New composition by Hannah Kendall inspired by Network Bed
09/03/2018
Incredible composer and wonderful friend Hannah Kendall has made a new work inspired by Network Bed - the work will be performed for the first time at Oxford University as part of the celebrations for International Women’s Day. See more here.
Hannah writes:
Network Bed is inspired by my artist friend Katriona Beale’s sunken black-velvet
bed installation of the same name, which was exhibited as part of her ‘Are We All
Addicts Now?’ series at Furtherfield Gallery (2017), made in response to her interest
in digital culture and online behavioural addictions. More specifically, Network Bed
recreated Katriona’s experience of a prolonged period of insomnia both fuelled and
soothed by her nocturnal online habits. My musical depiction of the work aims to
encapsulate the conflicting hyper-stimulating, yet sometimes calming, sensations of
delving into, and becoming lost in the online world.

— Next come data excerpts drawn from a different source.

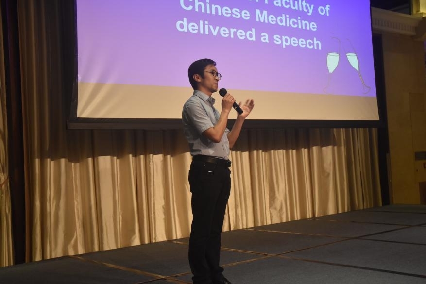 随后,澳门科技大学协理副校长兼国际学院院长孙建荣教授、药学院院长朱依谆讲座教授、中医药学院课程主任徐友华副教授发表致辞,通过祝酒的方式表达对毕业生们的美好祝愿以及对在校生的殷切期望。同时,因公事未能来到现场的中医药学院院长周华教授也以VCR的方式表达了对毕业生们的祝福。
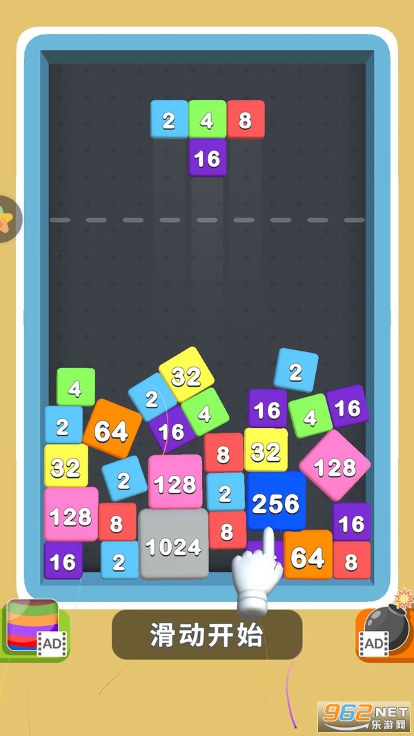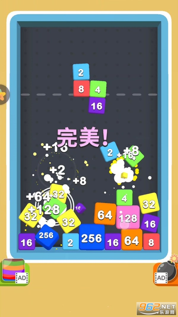1、缤纷多彩的方块数字越大体积越大,合理放置消除获得更高分数。
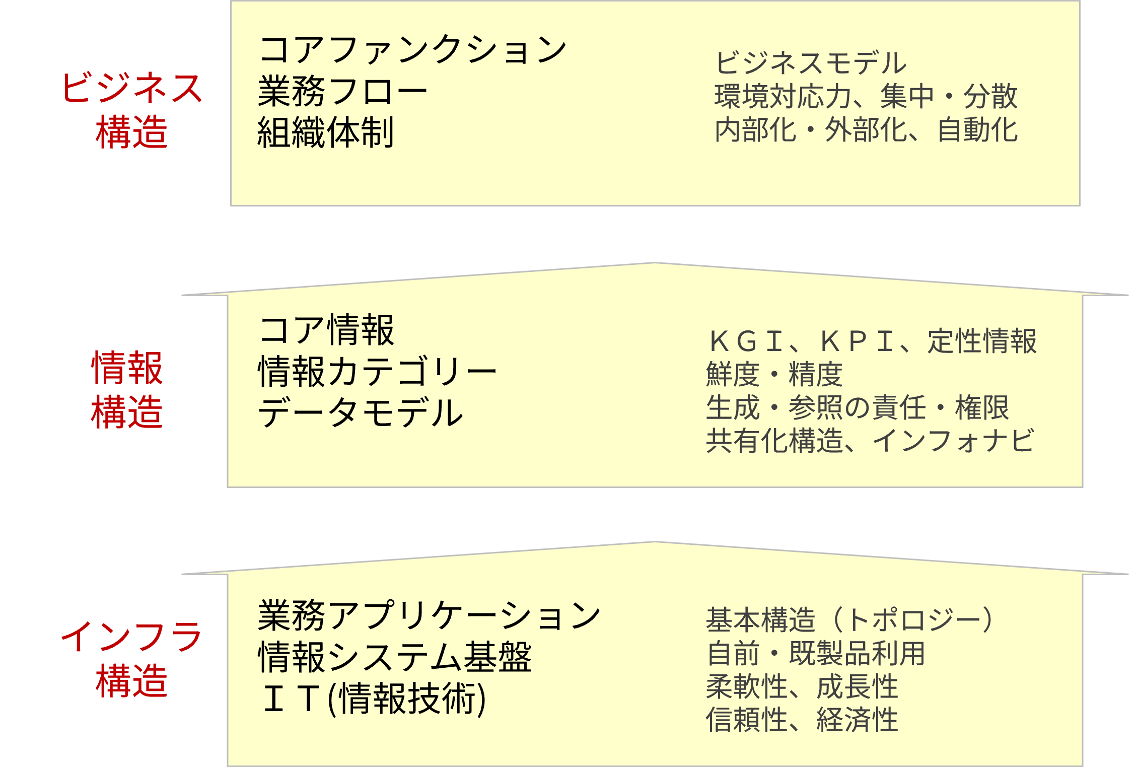 目標とするアチーブメントを実現するためには、3つの構造(ビジネス・情報・インフラ)を体系的に整備することが重要となります

A fluid glass sculpture with an embedded screen showing projections of moths was
housed within the structure, and I was particularly drawn to this feature, in the same
way that the moths themselves seemed compulsively attracted to the screen’s light. A
repetitive single-note phrase, dispersed with grace notes, is immediately presented as a main motif in the piano’s right hand, and returns throughout the piece to represent this. Indeed, grace notes and pizzicato strings feature heavily to recreate the flitting of moths’ wings; particularly adding to the restless and distracted nature of the opening sections. This transitions into a highly-punctuated moment, with inflections of the more driving material to come in the piano, to emulate the piercing and bright glow of the screen. A contrasting sultry ‘cello solo is introduced to capture the seductive aspect of being drawn into the digital sphere, before eventually culminating with propulsion and tense forward momentum, which is finally released with the return of the initial repeating single-note motif.